Numinor C2C Supply-Chain Construct Data — Data Dictionary v1.0
SKU c2c-construct-v1 · Methodology Numinor C2C Supply-Chain Whitepaper v3.0 ·
Canonical repo Numinor-Systems/c2c-codebase (MIT) · June 2026
1. What this is
A daily-refreshed, point-in-time edge table of observed company-to-company supply-chain relationships between Chinese A-share listed companies. Two observation channels, one table:
- disclosed — mandatory periodic-report disclosures: top-5 customers / top-5 suppliers and related-party transactions (reporting periods from 2015);
- bid — awarded procurement contracts (winning-bid announcements, from 2020).
Both channels are resolved to listed-company identity on both sides through ChinaScope's structured affiliate-ownership tables — subsidiaries and operating entities roll up to their listco parents with real ownership ratios. No language model is involved anywhere in the construction; the rollup is deterministic joins over structured identifier tables.
The product is the graph, not a signal. The customer-momentum signal validated in the whitepaper (union orthogonal ICIR +0.470 full / +0.394 OOS, t = 2.8) is one construction over this table; the same edges support supplier-side spillover, concentration and counterparty-risk measures, network centrality, and shock-propagation studies.
2. Delivery and layout
s3://numinor-construct-data/c2c/parquet/year=YYYY/month=MM/day=DD/data.parquet
data.csv.zip (same columns)
s3://numinor-construct-data/c2c/_heartbeat.json (freshness)
One live store, all tiers — Sandbox/Realm computes in-kernel on exactly the data the API delivers; freshness is identical everywhere. Refresh is daily by 16:00 Asia/Shanghai, seven days a week.

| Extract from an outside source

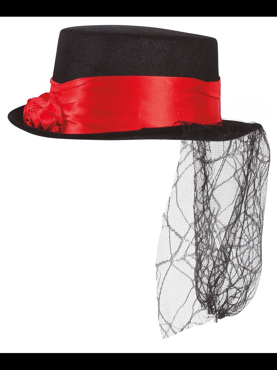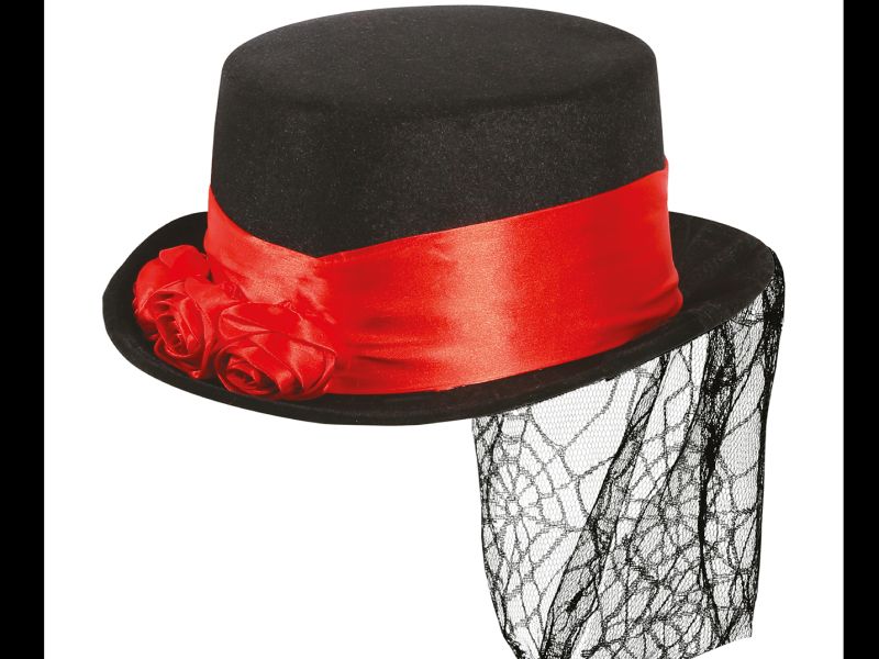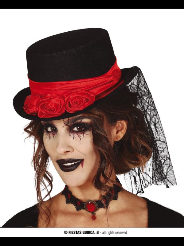 El sombrero de vampiro negro contiene una chistera de color negra y con cinta roja.

Partitions are delivery batches, not the PIT clock. A partition holds the edges
emitted that day (live: the day the records arrived from the source feed; historical
backfill: the day the edge became public). Always filter on the eff_date
column — never on partition dates. The stream is append-only: corrections arrive as
new rows with the same edge_id and a CDC operation flag; the latest row per
edge_id is the current state.
3. Schema (25 columns, in order)
| # | Column | Type | Meaning |
|---|---|---|---|
| 1 | edge_id | string | Stable identity: d:<record>:<sup>:<cus> (disclosed) / b:<bid>:<sup>:<cus> (bid). Latest row per edge_id wins. |
| 2 | source | enum | disclosed | bid |
| 3 | relation_type | enum | trade (disclosed) | procurement_award (bid) |
| 4 | supplier_ts | string | Seller (focal) listco — NNNNNN.SH/.SZ/.BJ |
| 5 | customer_ts | string | Buyer listco |
| 6 | relation_value_cny | double | Ownership-adjusted economic value: raw value × both ownership ratios |
| 7 | raw_value_cny | double | Pre-adjustment source value (bid awards occasionally lack a parsed price) |
| 8 | balance_value_cny | double | Ownership-adjusted ending balance — disclosed only |
| 9 | supplier_own_ratio | double | Listco ownership of the seller party (1.0 = the listco itself) |
| 10 | customer_own_ratio | double | Same, buyer side |
| 11 | supplier_resolution | enum | direct | affiliate_rollup |
| 12 | customer_resolution | enum | direct | affiliate_rollup |
| 13 | raw_supplier_id | string | ChinaScope entity id of the party as disclosed |
| 14 | raw_customer_id | string | — |
| 15 | raw_supplier_name | string | Bid channel only (the disclosed source carries ids) |
| 16 | raw_customer_name | string | — |
| 17 | source_record_id | string | The underlying disclosure record / bid id — audit trail to the raw feed |
| 18 | source_rpt_date | date | Reporting period (disclosed) / award date (bid) |
| 19 | source_publish_date | date | When the edge became public (see §4) |
| 20 | source_basis | enum | filing_publish | rpt_proxy | award_announcement |
| 21 | eff_date | date | The PIT contract: source_publish_date + pit_buffer_days |
| 22 | pit_buffer_days | int32 | The buffer baked into column 21 (product default 30) |
| 23 | operation | enum | CDC flag as delivered (A/U/D) |
| 24 | ingestion_date | date | When the record arrived (live) / its publish-basis day (backfill) |
| 25 | data_vintage | string | Ownership-mapping snapshot (YYYYMMDD) used for the rollup |
4. Point-in-time rule
eff_date = source_publish_date + pit_buffer_days (default 30, dial 0–120)
- Disclosed:
source_publish_date= the earliest filing publication date of either resolved listco for that reporting period (source_basis = 'filing_publish'). Where no filing date resolves, a conservativereport-period + 30dproxy applies, marked'rpt_proxy'. - Bid: the award result/announcement date itself (
'award_announcement'). - The 30-day default decomposes as ~4 days of measured availability necessity (p99
delivery latency of the underlying feed, measured across a full filing season) plus
~26 days of buyer-workflow allowance. Because
source_publish_dateships in every row, you can apply any buffer instantly — recomputeeff_datefrom the basis; nothing needs rebuilding. - The whitepaper's research convention (report-date + 60d disclosed, +0d bid) is pinned in the frozen data package for bit-exact replication; the feed is the forward-looking product convention.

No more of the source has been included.